I don’t bother telling him that this stop-off wasn’t Fleur’s idea or at her request. But I remember it from the conversations I witnessed back in London. I knew they’d already sent people to scout it when Casper first took her away. It was a risk I’m coming to wish I hadn’t taken now.
“Like I said, we have a plan,” I tell him, taking one of the bottles of water on the table as I sit down on the dusty sofa. “We’re sticking to it. Me and her.”
Lucian doesn’t make a sound, getting back to the book in his hand. I sit back and watch him, trying to focus on the plan as I go over it one more time in my head.
“It doesn’t matter what happens,” Casper says, still cleaning out the air vent above the bed. The bunker is cold and humid with the rainfall we’ve had. “Get her to my grandmother.”
“Your nan?” I laugh, throwing the screwdriver in my hand at him.
He catches it swiftly and goes about taking the cap off. I’m not sure why he’s being so anal about the fucking vent. It’s not like Fleur will be down here long enough that it will matter.
“They won’t fuck with her, and she’ll make sure Emily is on her side. The two of them love nothing more than asserting their power over shit.”
“Why are you doing this?” I traipse to the makeshift bed and sit, taking a look around the concrete box.
It reminds me of the days we spent in make do shelters listening out for attacks, missiles, and enemy brawn. I thought our time in Syria put all the shit in life into perspective. I wasn’t the poor kid whose mother charged by the hour, and whose father fucked anything with a pulse—I was lucky. Lucky that our flat wasn’t rattled by air strikes. Lucky that we had clean air and water. Food and clothes that would keep me warm in the cold and cool in the heat.
“Why are you still protecting my sister?” he counters as though he can hear my thoughts.
I thought I was fucking lucky until that night. All the blood in the world couldn’t have prepared me for that one fucking night in the middle of London. The nice, pretty part with clean pavements and pristine stonework. Perfectly painted lamps and railings. Rich, affluent, royal London. Seeped in innocent blood.

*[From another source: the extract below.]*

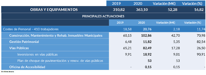 El presupuesto del Área de Gobierno de Obras y Equipamientos para el ejercicio 2020 asciende a 363,1 millones de euros, lo que supone un incremento de más de 52 millones respecto a 2019, es decir, un aumento del 16,82 %.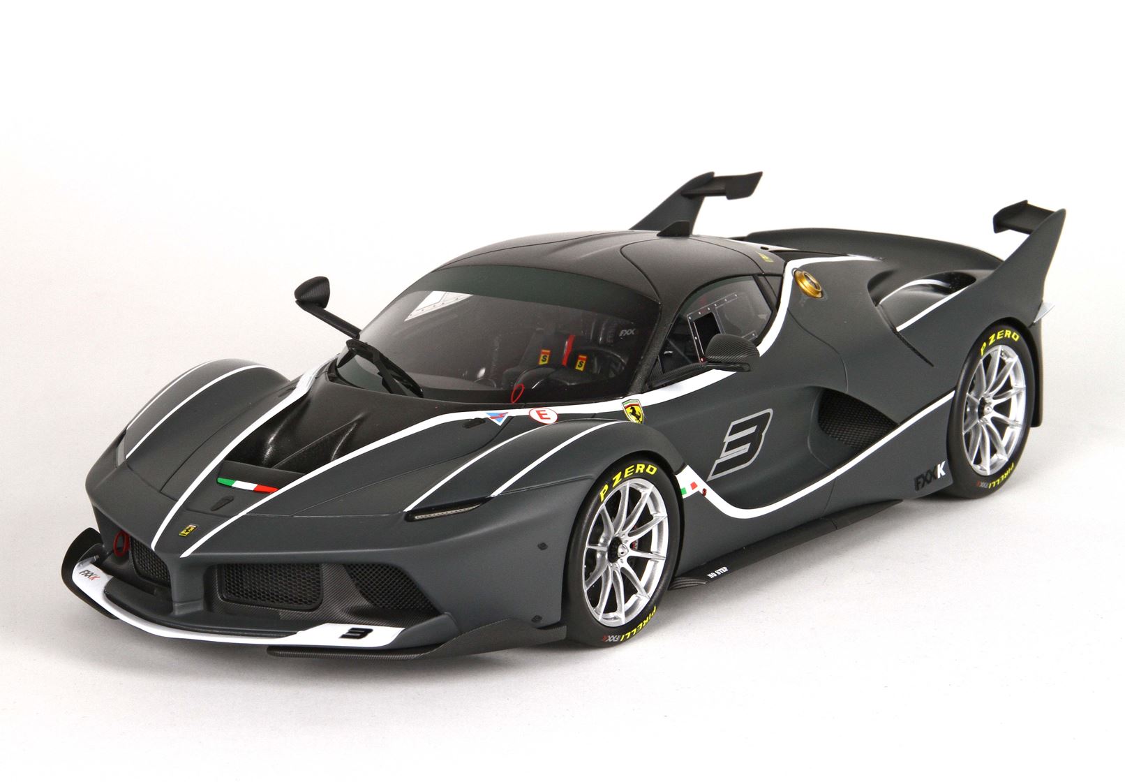 The color of this Ferrari FXXK is matt medium grey chosed by its owner.

I pull in a deep breath, urging my heart to calm at the memory of the bloodbath, trying to swallow down the guilt cloying inside me.
“I need her to be safe,” he says, screwing the facia for the vent back into place. “They deserve to be free.”
“No one is ever really free. We both know that.” We’re both back on home soil, still as fucked up and twisted as ever. With more demons chasing us and ghosts in our closets than anyone might ever suspect. Desperately trying to make up for all the shit we did and didn’t do.
Casper stands in front of me, hands on his hips as though we’re having a tactical debrief.
“She’ll fight you at first. It’s who she is.” He smiles faintly before taking a deep breath. “Everything is ready. When you get to my grandmother, you give her this and she’ll know what to do.”
I recognise the rosary he pulls over his head. I always wondered why he carried it with him. It’s not like he’s a religious man.
“What does it mean?”
“Why all the questions?” He turns back towards the hatch, taking one last look around before he opens it and the frigid air engulfs us both. “You’ve never asked this many questions.”
I follow him out, the tightness in my chest falling leadenly to my gut. “This is different. It’s not a mission…”
“Except it is,” he snaps, turning to me with his brows drawn and haunted shadows flickering in his stare. “You keep her safe. You keep her alive.” He swallows, spinning to head back to the house. “And you get her to my grandmother before my daughter is born. You understand?”
“Yes.”
“Good.” Pausing by the back door, he takes out his smokes, offering me one before he lights up.
“Cameron?” I ask.
“He has his own orders.”
“And you’re sure about this plan?”
It takes him a second too long to respond, a second long enough to show he cares more than he wants to admit to me and to himself.
“Don’t fuck it up.” Even then, it’s not an answer to my question.